Some of the practitioners we might think of here are, first of all, many ordinary
citizens in any society around the world. There is a civil society everywhere
with people who, even when completely unknown in the public, think and act according
to peace-oriented principles in life's smallest as well as biggest issues. We
might think of the Quakers, various spiritual leaders, authors and philosophers,
dissidents and other citizens with civil courage to stand up against their own
society's and their own government's policies of peacelessness. We may think
of people and organizations who are built on genuine, unconditional generosity
and conducting various types of life and soul-saving activities among those
who suffer.
The deep movement does not see itself in constant competition with or confrontation
against government power. It does something else - not "anti" but
pro a larger aim, a vision. It doesn't do it primarily in a belief of rationality,
but by intuition, experimenting and by setting a good example for others rather
than forcing or persuading them to follow.
I believe that when seen in a macro-historical perspective, this is the sustainable
peace movement. It is not fluctuate much with world events, neither is it ignorant,
aloof or exclusively inward-looking. It is deep and develops long-term, it is
pretty invisible in the public domain and in the media and defies photo opportunities.
Without it, I believe the world would fall (even more rapidly) apart.
The deep peace movement perhaps doesn't show much movement, doesn't rise and
fall. It simply exists because its workers can't do anything else. They see
it as an existential commitment, based on principles that change little over
a human life time. Sometimes it is an undercurrent, sometimes a countercurrent,
in between it simply exists.
In summary, did the peace movement disappear? Yes, if we define it in one way.
No, if we define it otherwise.
3. Old and Emerging Paradigms - and Myths
The 'old' security and peace challenge had to do with how countries could meet
threats from other countries by means of weapons and strategies that would deter
enemies and, if deterrence failed, would be capable of fighting and winning.
It was as if created to be defined and monopolised by state apparata, governments
and military establishments.
While peace movements of the 1970s and 1980s focussed mainly on weapons, they
did not directly go and help people suffering in war. They demonstrated and
protested against the Indochina wars and the coup d'etat in Chile or the invasions
in Czechoslovakia and Afghanistan, but few went there to alleviate suffering.
What we used to call the peace movement marched the streets, wrote books, pamphlets
and songs, protested government policies and stayed at home. Peace activists
fought against mass-destructive weapons while most had never seen one.

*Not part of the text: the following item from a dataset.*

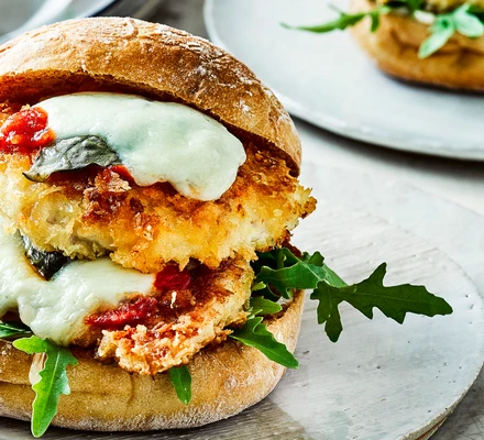 - Spread the toasted bun bases with the garlic mayo then add some rocket. Top with 2 pieces of chicken each and the bun tops.

Now the challenge of peace and security is located in civil society dynamics,
in history, in human existential dimensions, in dissipating social and communicative
structures. This 'new' type of peace challenge is way more social, societal,
socio-psychological, requires knowledge about human beings and human society.
The old peace focussed on the "inter" between countries and much less
on the "inner" or "intra" of states and human society.
Today's peace activists march and criticise their governments much less and
travel more to where violence is used. There is a direct "human touch"
- working for peace means going there as a humanitarian worker, as a conflict-resolution
NGO, as peace educators, as trainers in nonviolence, as early warners. This
is a change of focus and a change of method, it is more selective or relative
and concrete than the older peace activism which was ethical, distant (from
the object), conflictual with militant governments, more "anti."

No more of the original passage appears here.